ML Systems
Python, FastAPI, hexagonal ML architecture, model serving, and the disciplines that keep an AI runtime reliable.
ML Systems
TL;DR
wordloop-ml is a Python FastAPI service structured hexagonally, with model clients, storage, and transport as adapters around a domain of transcription, recap, and embedding. We treat model calls as external dependencies with the same rigour as any other integration — timeouts, retries, budgets, idempotency — and we evaluate model outputs as a first-class part of the test suite.
Why this matters
Machine-learning code in most organisations is a separate zoo from the rest of the backend — different language norms, different testing discipline, different release discipline. We explicitly reject this separation. An ML service is a service; it must meet the same bars for reliability, observability, and maintainability as any other. What makes ML different is what we test (model behaviour, not just code behaviour), not whether we test.
Our principles
1. FastAPI for HTTP, Uvicorn for serving, uv for everything else
FastAPI for routing and validation, Uvicorn for serving, uv for dependency management. The Python ecosystem has a hundred alternatives for each of these; we pick one combination and apply it everywhere.
2. Hexagonal from the outset
wordloop-ml has explicit domain/, ports/, adapters/, and application/ packages, enforced by import-linter rules in CI. Model clients, storage, and the FastAPI router are all adapters. The domain — transcripts, recaps, embeddings — has no model-library imports. See Hexagonal Architecture.
3. Model calls are treated as external integrations
Every call to a model is wrapped in a ModelClient port, implemented by an adapter that handles timeouts, retries with jitter, circuit breaking, and rate-limit respect. The domain never knows which provider is behind the port. Swapping providers is an adapter change — nothing more.
4. Evals are part of the test suite
We maintain an eval set for every significant model-driven behaviour — recap quality, transcription accuracy, embedding consistency — and run it in CI on any change that could affect output. Evals produce numeric scores; thresholds are committed; regressions block merge the same way a failing unit test does. "The model got a little worse" is not an acceptable landing state.

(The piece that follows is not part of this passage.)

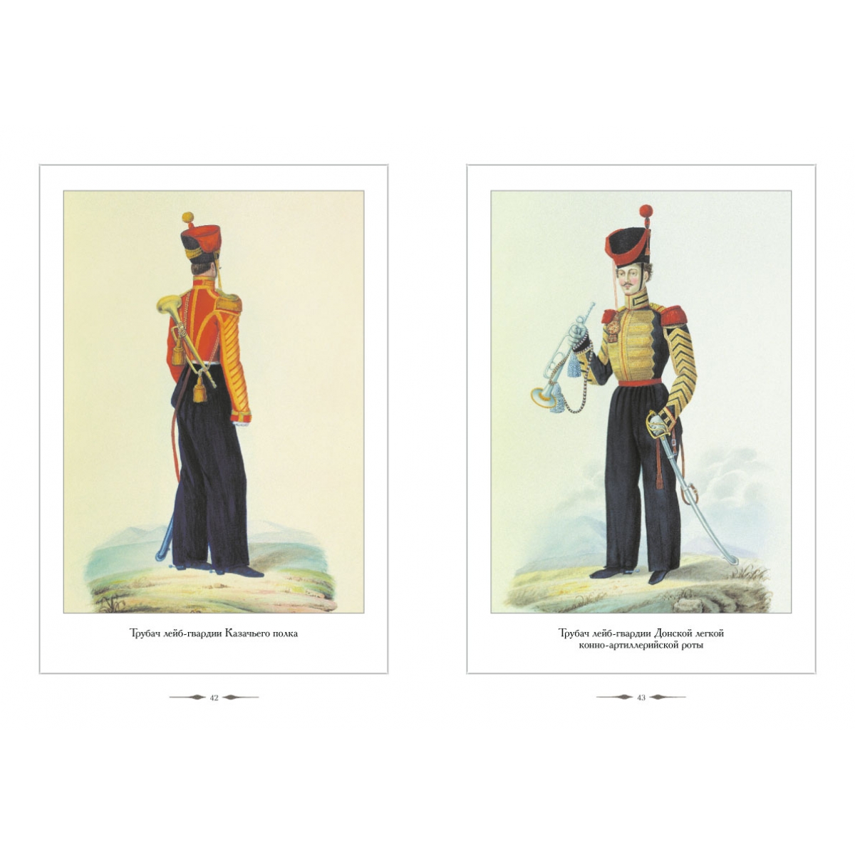 В альбоме представлены образцы утвержденного законом обмундирования донских казаков – прежде всего, военнослужащих гвардейских частей, – относящиеся в 1830-м годам. Внеся свой весомый вклад в череду русских побед, в первую очередь донцы сделали к тому времени имя казака известным во всём мире. О том, что это были за победы, говорит представленная здесь подборка знамён, пожалованных Войску Донскому русскими государями – от Петра Великого до Николая I (в начальный период его царствования). Подборка эта далеко не полна: страшный пожар, случившийся 12 августа 1744 года в столице донских казаков городе Черкасске, уничтожил большую часть регалий, к тому времени дарованных Войску.
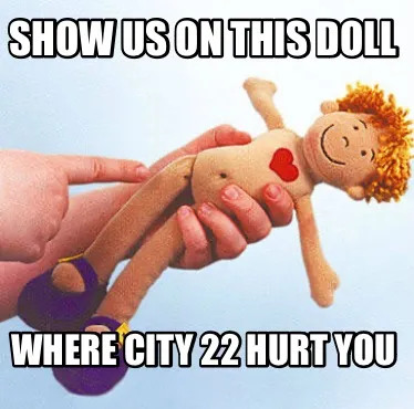 Funny SHOW US ON THIS DOLL WHERE CITY 22 HURT YOU Meme Template

5. Prompts are code, not configuration
Prompts live in version control, are reviewed, and are tested. They are not in a runtime config that someone can edit by accident. Prompt changes go through the same PR review as code changes, and they are covered by evals.
6. Observability spans both sides of the model call
Every model call emits a trace span with input hash, prompt version, model ID, latency, token counts, and cost. An expensive prompt is visible before it is invoiced; a slow prompt is visible before it blocks a user. The model is not a black box inside our system — it is an instrumented dependency.
7. Caching and determinism are explicit
When a model call can be cached — same input, same prompt version, same model — we cache it. Determinism parameters (temperature, seed) are set explicitly per use case; "whatever the default is" is not a choice. Caching is a first-order cost-engineering lever (Cost Engineering).
8. Stateful containers, not stateless
Unlike our Go services, the ML service runs in stateful containers — models are loaded into memory on startup and kept warm for the life of the container. This is an intentional trade-off documented in an ADR; cold-starting a large model per request is not viable at our scale.
How we apply this
- ML Service Handbook — the architectural walkthrough for
wordloop-ml. - AI Engineering — the broader disciplines for building AI features.
- Observability — how we trace and measure model calls.
- Hexagonal Architecture — the structural pattern
wordloop-mlfollows most aggressively.
Anti-patterns we reject
- Model library imports in the domain. If the domain imports
openaiortorch, the domain is no longer the domain. - Prompts in a runtime config. Untracked, unreviewed, unversioned prompts will drift and break evals silently.
- "It is an ML service, testing is different." It is not. The tests just include evals.
- Uncached expensive calls. Every call with a stable input that we pay for twice is a bug.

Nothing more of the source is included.